How does the framework formalize context management for long-running agents?
The framework identifies two distinct failure modes in context management:
Context rot — coherence degrades gradually as an agent works deeper into its context window. This is a smooth degradation curve where outputs become less consistent without any sudden failure point.
Context anxiety — as a model approaches its context limit, it exhibits a qualitatively different behavior: rushing to finish tasks prematurely and incompletely. This is a step-function failure, not gradual.
These are model-generation-specific phenomena. The framework prescribes different interventions depending on which behaviors the current model exhibits:
- For severe context rot: fresh context windows per feature, with orientation via persistent artifacts (featurelist.json, progress files, init scripts)
- For context anxiety: proactive session management before the limit is approached
- For models with neither: longer continuous sessions with compaction
Critically, the framework argues that compaction (lossy summarization) does not equal coherence. File-system-based state management is preferred over relying on compacted context to preserve meaning across very long runs.
What is the contract negotiation mechanism and why does it matter?
The Generator-Evaluator contract is perhaps the most novel architectural element.
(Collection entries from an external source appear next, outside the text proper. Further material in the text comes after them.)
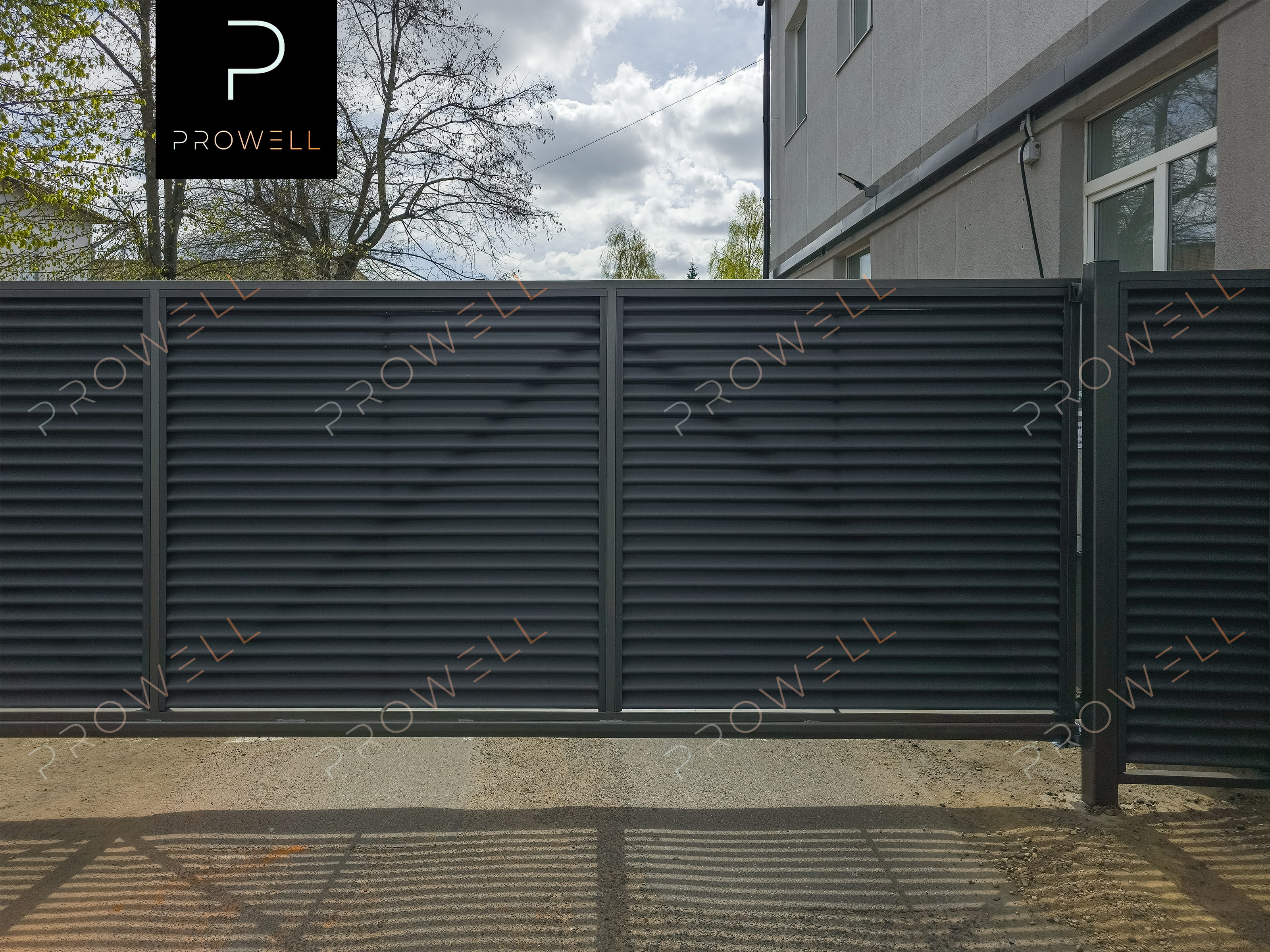 Забор-жалюзи Виола с премиум-покраской DR Ferro и откатными воротами на автоматике Nice RO600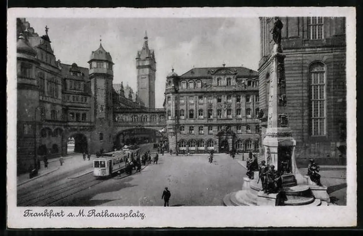 AK Frankfurt /Main, Strassenbahn auf dem Rathausplatz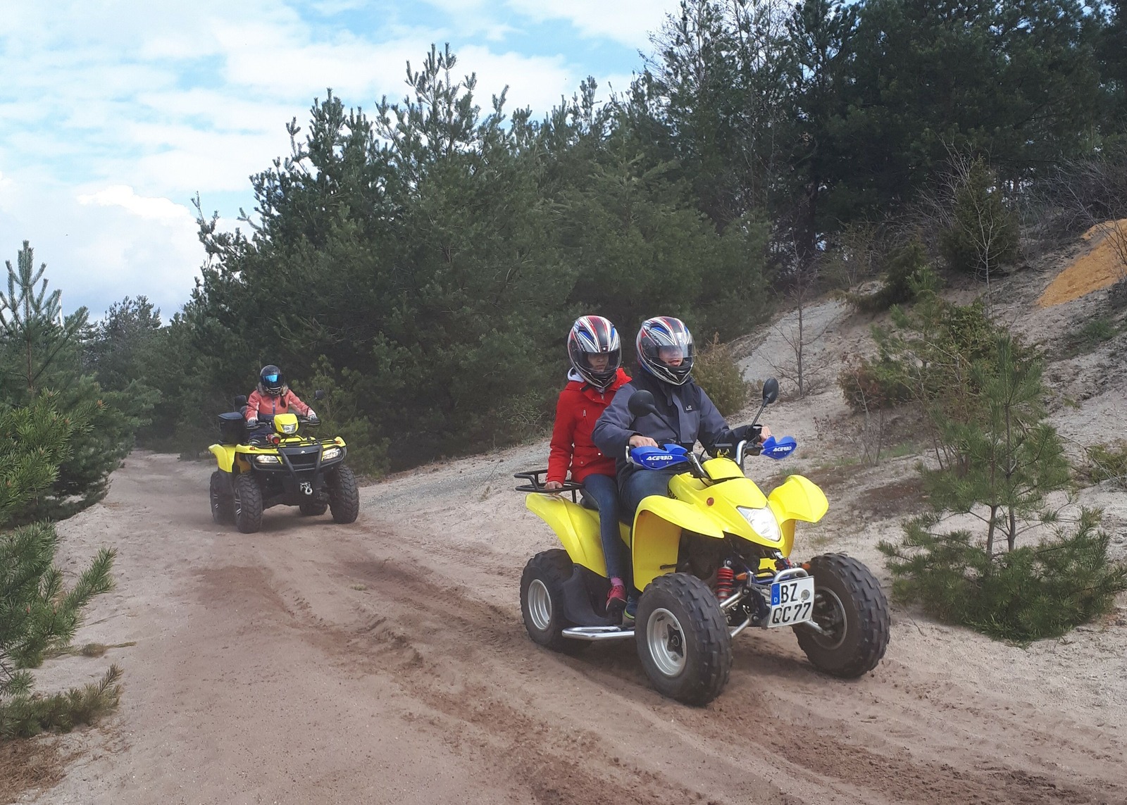 Gas geben heißt es am Partwitzer See: Das Quadcenter Klein Partwitz bietet Quadtouren für Familien mit Kindern ab sieben Jahren an. Dabei dürfen die Jüngsten als Beifahrer bei einem Erwachsenen, der den Führerschein besitzt, mitfahren. Die Touren führen auf Sandwegen am Ufer des türkis schimmernden Partwitzer Sees entlang, der bis Anfang der 1970er Jahre ein Tagebau war. Für Einsteiger empfiehlt sich die einstündige Schnuppertour.
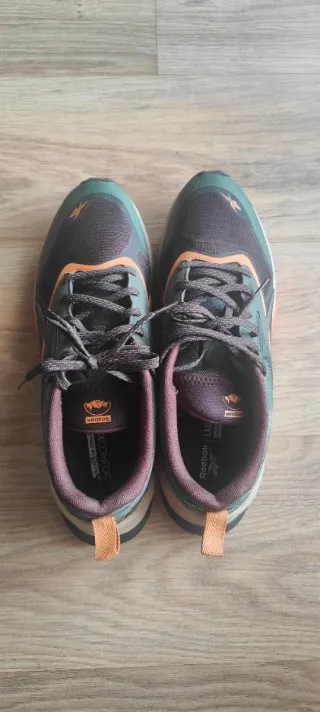 Zapatillas Reebok Lavante Trail 2 , talla 45, en tonos verdes y naranjas. - Diseño deportivo. - Detalle de logo en la plantilla. - Tirador trasero para facilitar su colocación. Usadas durante una semana, las vendo porque me quedan un poco pequeñas.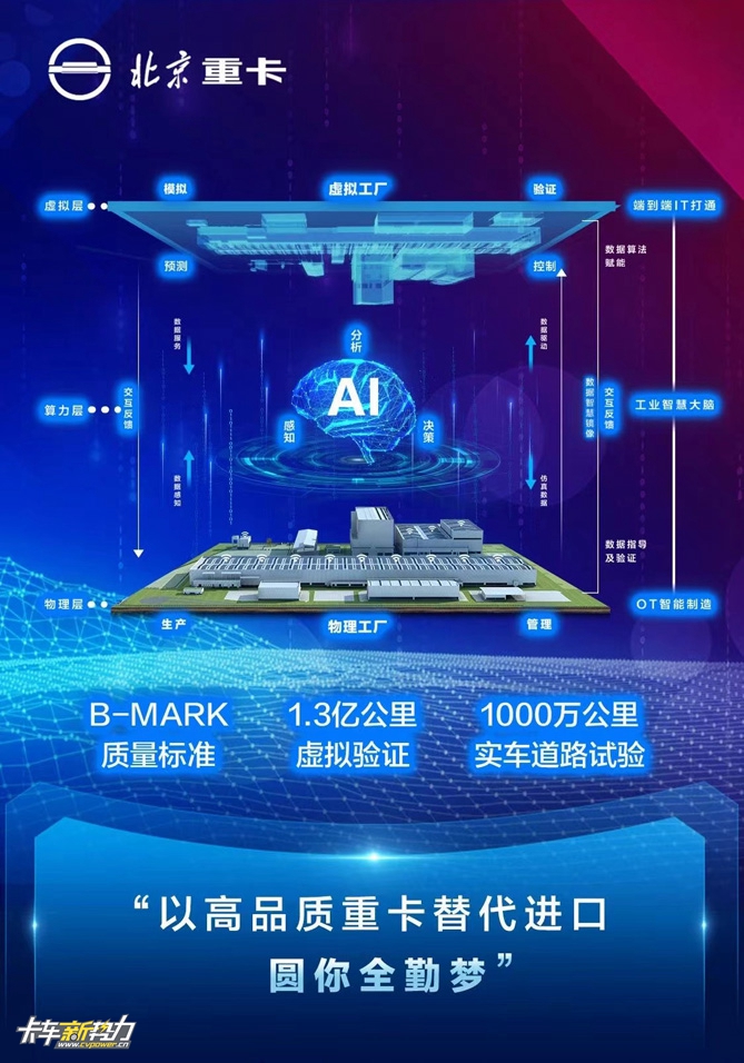 高质量、低成本是消费者永恒的追求,然而,成本与品质这对冤家之间的相悖却是一直都难以攻克的难题。敢于在如今的行业环境下高调出道的北汽重卡就从最难啃的骨头下手,以传统车企之身拥抱元宇宙,以独特的数字孪生数智工厂进行科技赋能,在建厂之初就为工厂建立一个数字孪生体,以虚拟实,完全打通从生产端、产品端到销售端再到用户端的壁垒,极高的用户反馈效率、高效的内部管理机制外加合理的排产规划,依靠智慧赋能新玩法成功破解成本难题。

Before any code is written, the Generator proposes what it will build and how it should be verified. The Evaluator responds via shared files on disk, pushing back on scope, identifying weak tests, and surfacing edge cases.
This mechanism solves a fundamental problem in agent evaluation: what constitutes 'done'? The original user prompt is too vague for grading. The Planner's spec is intentionally high-level. The contract creates a negotiated, specific, testable definition of done that both agents agree to — converting fuzzy requirements into granular assertions.
The target of 20–30 contract criteria per sprint is empirically motivated: fewer criteria produce vague critiques the Generator can't act on; more criteria create excessive overhead. Each criterion should be directly testable via the Evaluator's verification tools.
How does harness-model co-evolution work in practice?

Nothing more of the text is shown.